Many common beliefs about customer experience are misguided, based on oversimplifications or a lack of consideration for real-world constraints. In this series of posts, we debunk these myths.


CX Myth #6: Compensation Drives Good CX Behaviors

 

What’s Wrong:

Many organizations try to drive behavior change by tying employees’ compensation to customer experience metrics. While some level of compensation tied to CX can be helpful, it is often overdone. When you overly compensate on a single metric, it can often lead to unintended and detrimental consequences. Symptoms of these counterproductive behaviors include pestering customers for scores; focusing on activities that may improve scores, but aren’t good for the business; and actively debating the accuracy of the metrics. Rather than engaging in these activities, we want employees focusing on ways to improve customer experience.

 

What’s Right:

Don’t use compensation to drive behavior change; instead, use it to reward good behaviors. With that in mind, you need to find other mechanisms to drive change, such as appealing to employee’s four intrinsic needs; their sense of meaning, control, progress, and competence.
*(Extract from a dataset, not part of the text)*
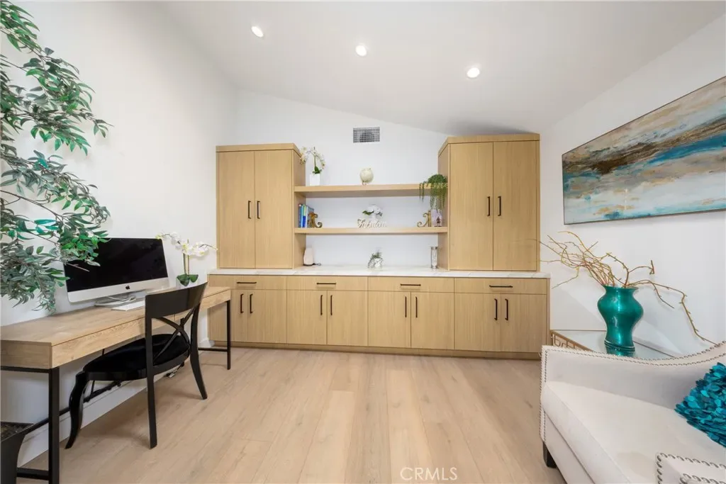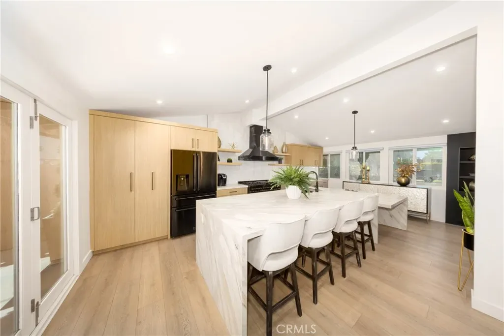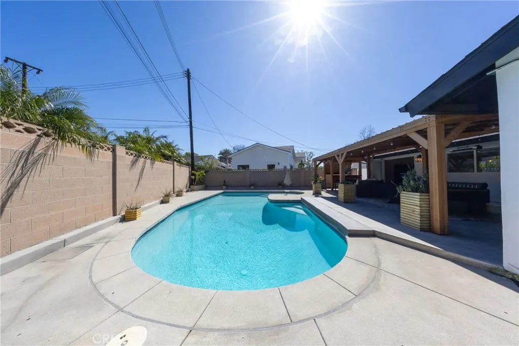 Welcome to Rossmoor, a community in the award-winning Los Alamitos Unified School District with its top-rated schools. This home truly reflects pride of ownership in one of the most sought-after neighborhoods – where community, elegance, and lifestyle come together effortlessly. This completely remodeled residence was designed for those who love to live beautifully and entertain exceptionally. From the moment you enter, you are greeted by an open-concept floor plan that seamlessly blends indoor comfort with outdoor enjoyment. At the heart of the home is a chef’s kitchen, featuring premium ZLINE kitchen luxury appliances, an oversized quarts island, abundant cabinetry, built-in trash and recycling cabinet and pull-out pantry. The home also offers a thoughtfully designed layout, including a spacious primary suite and junior master, ideal for multigenerational living or extended guests. A home office provides flexibility for today’s lifestyle- for running an in-home business or working remotely from home. The backyard is truly your private retreat, where a sparkling heated pool, covered patio with bar area and outdoor heater offer year round entertaining. This is California living at its best -designed for relaxation, celebration and making memories. Additional features included are: 3 full baths, high pressure rainfall shower heads and walk-in showers in primary and junior master, linen closet in primary bath, separate shower & tub in primary bath, electrical fireplaces with color changing flames in living room and primary bedroom, walk-in closet with built-ins in primary bedroom, skylights in office & primary bath, 6 burner gas stove & grill, high ceilings, inside laundry, vinyl flooring throughout, self-closing cabinets with some pull-outs, PAID solar panels, newer roof and electrical panel, extended driveway, EV charger hookups, outdoor shed, storage racks in the garage, sprinkler system, fruit trees (banana & orange trees). Optional security system. What else could you ask for? This home offers the perfect balance of luxury and long-term value.
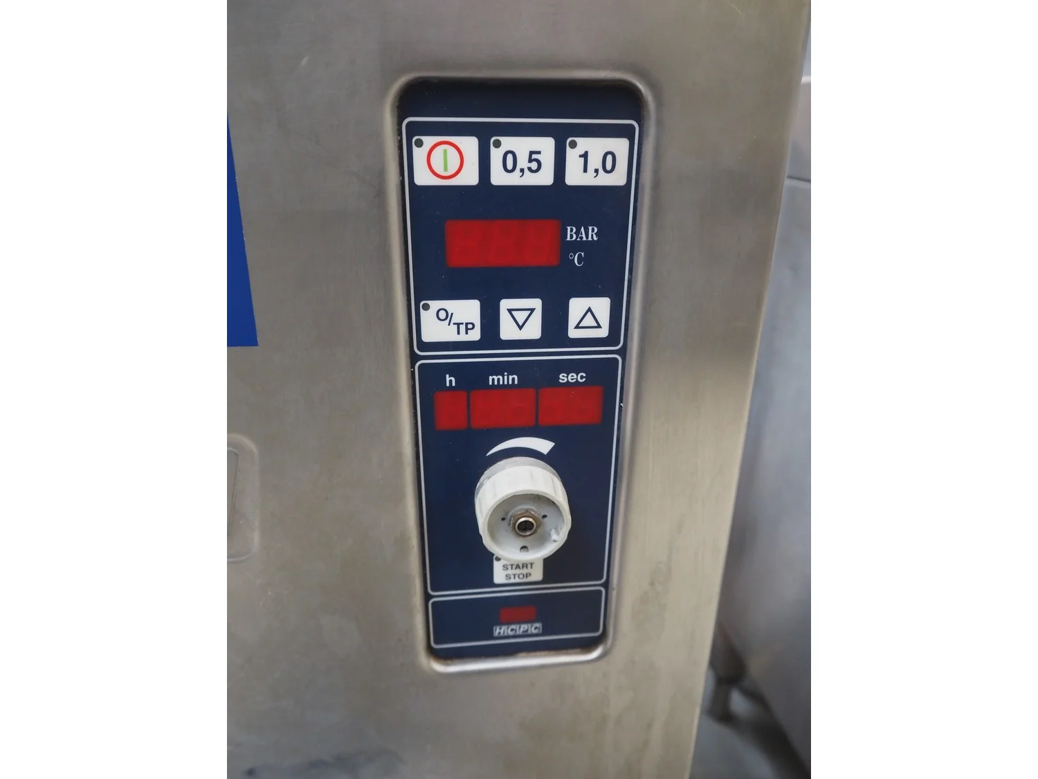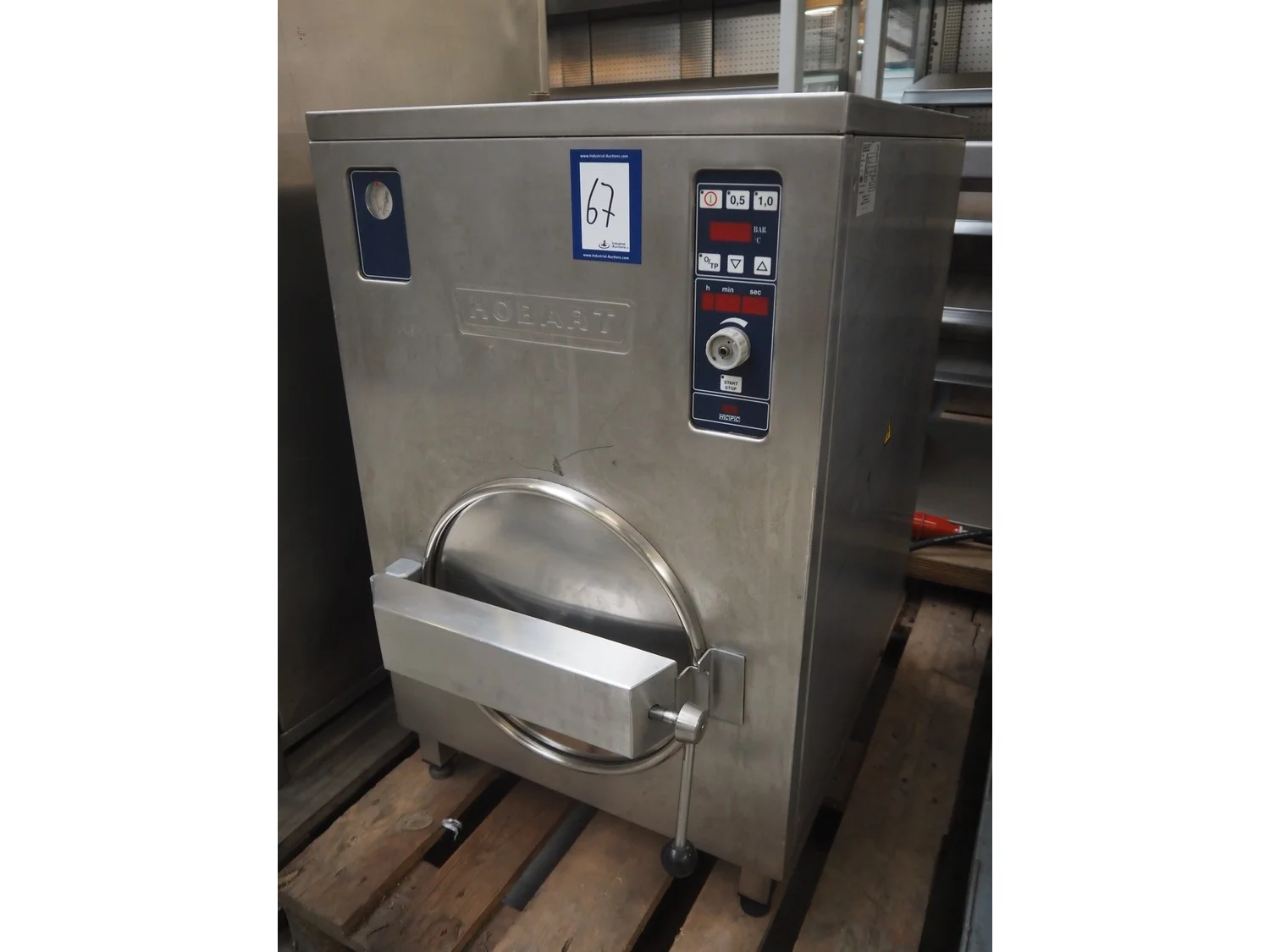 Hobart high speed steam cooker, model: 304G, serial number: 97-0164-366, year of construction: 2002, 400 V, 3 Ph, 50 Hz, 39.2 A, 27.9 W, inside dimensions: 520 mm x 300 mm, total dimensions: 800 mm x 600 mm x 950 mm.

As I’ve previously written, keep in mind these three underlying principles about compensation:

  1. If there is significant compensation tied to any metric (including customer feedback), then people will look for ways to manipulate the measurement.
  2. If people don’t understand a metric, then tying compensation to it will have little impact on their behavior and any downside in compensation may create negative behaviors.
  3. If people don’t understand how they personally can affect a metric, then tying compensation to it will have little impact on their behavior and any downside in compensation may create negative behaviors.

 

What You Should Do:

  • Treat CX as a team sport. Your customers’ experience is almost never the result of a single person, even if that person is the only one interacting with the customer. So focus on team-level metrics and compensation that encourages key groups of employees to work together towards a shared objective.
  • Use an organization-wide CX metric. Developing a core CX metric for the entire organization that is tied to some compensation (not too large), is a great way to show commitment to improving CX, and it will encourage a regular dialogue about your overall CX performance.
  • Bias rewards towards the upside. Consider starting with a compensation plan that is biased towards upside. In other words, you may want to introduce the plan where there is little negative impact on compensation if the group doesn’t hit a goal, but there is positive impact of they exceed it. This can help eliminate some of the negative perceptions early in a program.
  • Celebrate good CX behaviors. Compensation is not the only reward system in an organization. If you want employees to behave in a certain way, then provide them with positive role models. Find ways to highlight employees who are demonstrating the behaviors that you would like others to emulate. This can include monthly or quarterly awards, shout outs at company meetings, or highlights across your internal communications.
  • Make it unacceptable to game the scores. When an employee asks a customer to “give me a 10 on a survey or I’ll get fired,” can you really count on the accuracy of that customer’s rating? This may be an extreme example of “gaming feedback,” but many versions of this behavior occur all the time. To keep gaming feedback in check, it’s important to be explicit with employees about what the company considers to be unacceptable behaviors.  I’ve identified five rules that you should strictly enforce with employees, which includes not talking with customers about survey questions, scores, or consequences.

 

The bottom line: Use compensation to reinforce, not force, good CX behaviors.